Task instructions: Below is a listing with pictures. Repeat exactly the lines starting at the one holding "The 2-jaw universal" and going on through the one holding "22日,济南市2010年中等", and leave every picture out.

Given information:
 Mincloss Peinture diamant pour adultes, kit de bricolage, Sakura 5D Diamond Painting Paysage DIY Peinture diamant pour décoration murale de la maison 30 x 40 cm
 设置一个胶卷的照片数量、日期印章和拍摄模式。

--

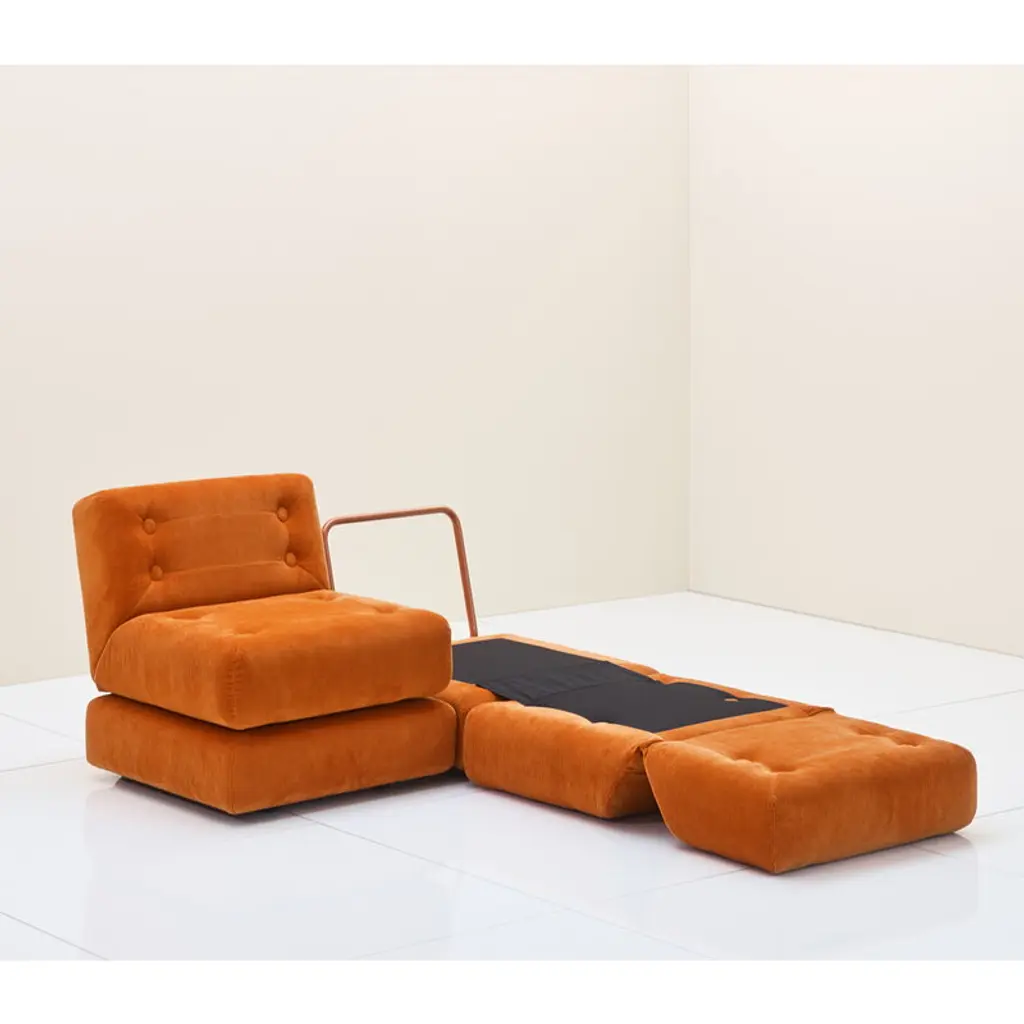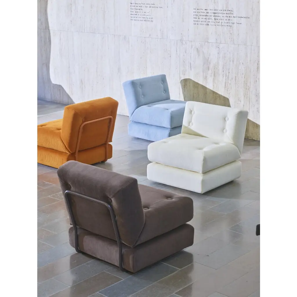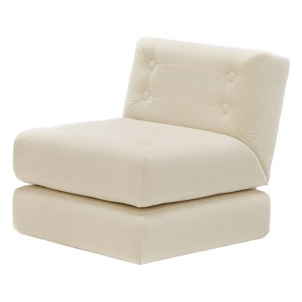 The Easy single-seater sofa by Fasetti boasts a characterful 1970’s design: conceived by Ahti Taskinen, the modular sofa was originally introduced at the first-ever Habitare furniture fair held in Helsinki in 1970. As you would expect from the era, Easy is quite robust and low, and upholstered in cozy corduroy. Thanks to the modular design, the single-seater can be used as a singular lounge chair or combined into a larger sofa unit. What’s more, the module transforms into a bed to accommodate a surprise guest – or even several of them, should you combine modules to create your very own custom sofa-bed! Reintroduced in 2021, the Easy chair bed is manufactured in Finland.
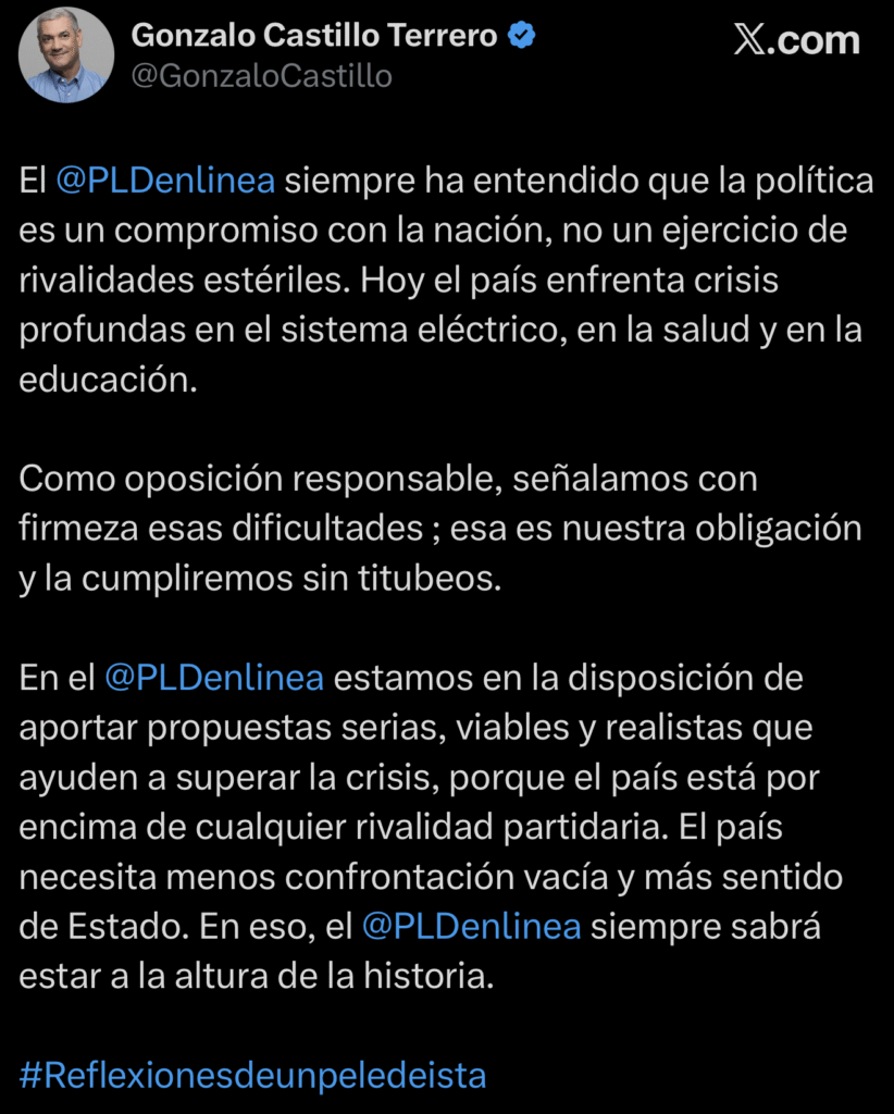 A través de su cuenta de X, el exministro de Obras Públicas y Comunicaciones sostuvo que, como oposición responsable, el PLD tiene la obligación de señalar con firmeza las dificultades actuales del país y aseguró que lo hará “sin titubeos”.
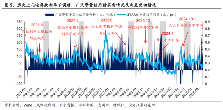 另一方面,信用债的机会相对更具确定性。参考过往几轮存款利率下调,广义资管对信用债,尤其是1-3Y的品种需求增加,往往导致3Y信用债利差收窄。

...

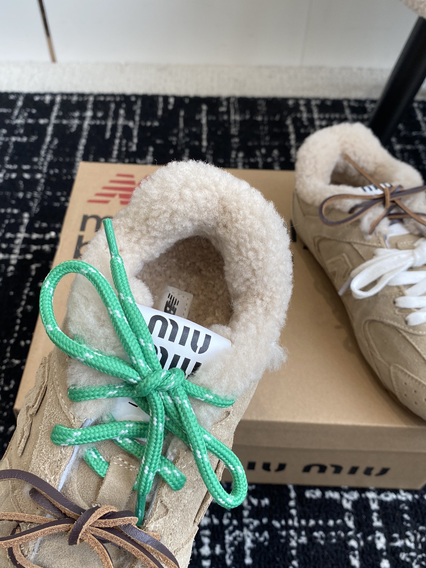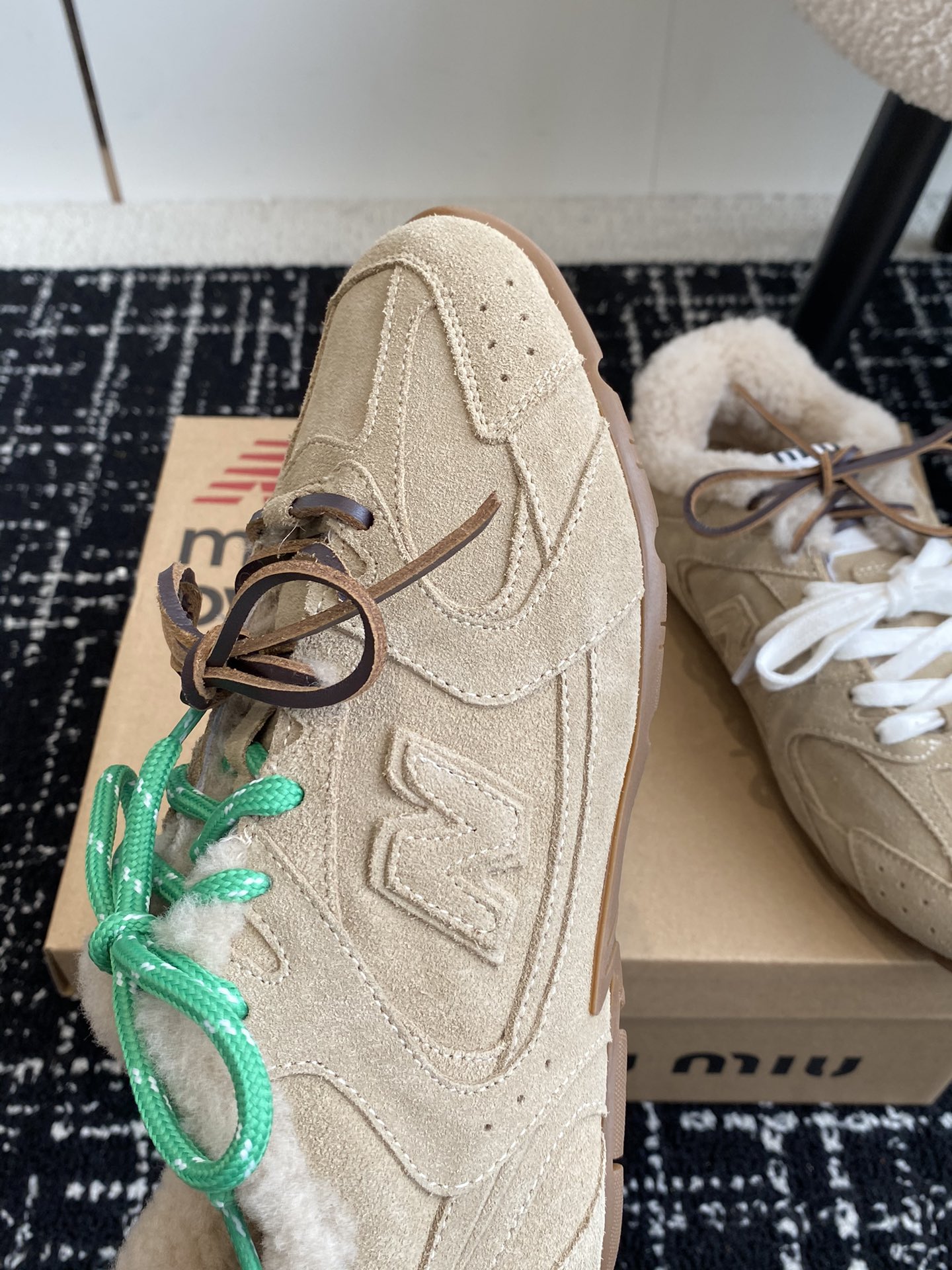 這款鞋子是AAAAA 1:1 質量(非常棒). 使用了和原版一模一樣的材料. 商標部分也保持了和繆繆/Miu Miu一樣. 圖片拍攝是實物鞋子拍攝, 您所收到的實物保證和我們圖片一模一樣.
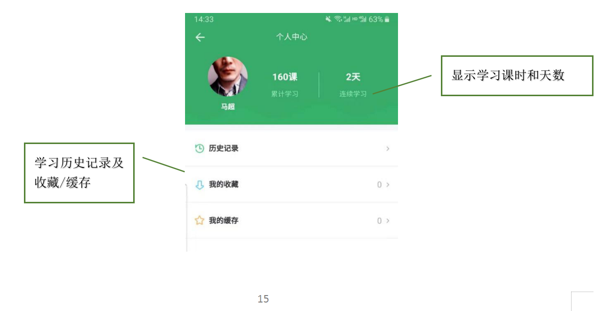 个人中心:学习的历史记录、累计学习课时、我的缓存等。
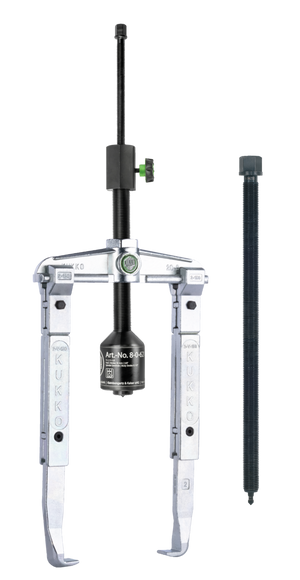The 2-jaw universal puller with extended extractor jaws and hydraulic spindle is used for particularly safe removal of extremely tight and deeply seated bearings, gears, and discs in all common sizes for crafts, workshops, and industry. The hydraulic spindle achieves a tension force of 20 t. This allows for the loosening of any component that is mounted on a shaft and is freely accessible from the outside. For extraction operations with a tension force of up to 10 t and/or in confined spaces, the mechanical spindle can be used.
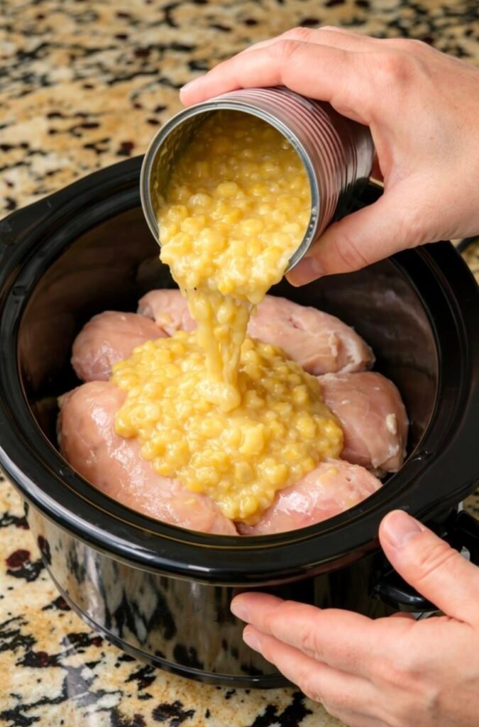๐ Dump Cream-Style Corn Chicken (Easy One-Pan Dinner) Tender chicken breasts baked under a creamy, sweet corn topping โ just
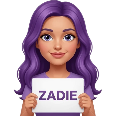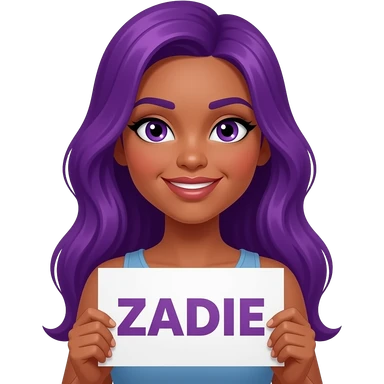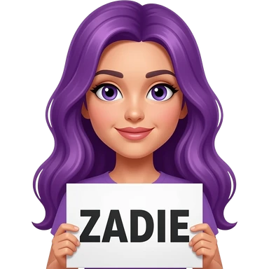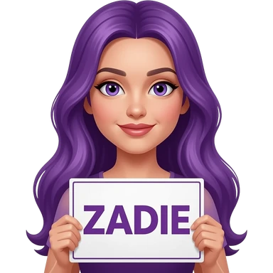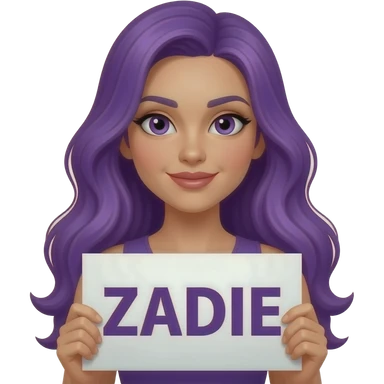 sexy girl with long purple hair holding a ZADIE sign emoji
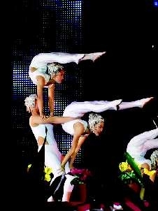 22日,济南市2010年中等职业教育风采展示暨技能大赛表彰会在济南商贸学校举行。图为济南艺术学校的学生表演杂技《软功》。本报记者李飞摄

Answer box:
The 2-jaw universal puller with extended extractor jaws and hydraulic spindle is used for particularly safe removal of extremely tight and deeply seated bearings, gears, and discs in all common sizes for crafts, workshops, and industry. The hydraulic spindle achieves a tension force of 20 t. This allows for the loosening of any component that is mounted on a shaft and is freely accessible from the outside. For extraction operations with a tension force of up to 10 t and/or in confined spaces, the mechanical spindle can be used.
๐ Dump Cream-Style Corn Chicken (Easy One-Pan Dinner) Tender chicken breasts baked under a creamy, sweet corn topping โ just
 sexy girl with long purple hair holding a ZADIE sign emoji
 22日,济南市2010年中等职业教育风采展示暨技能大赛表彰会在济南商贸学校举行。图为济南艺术学校的学生表演杂技《软功》。本报记者李飞摄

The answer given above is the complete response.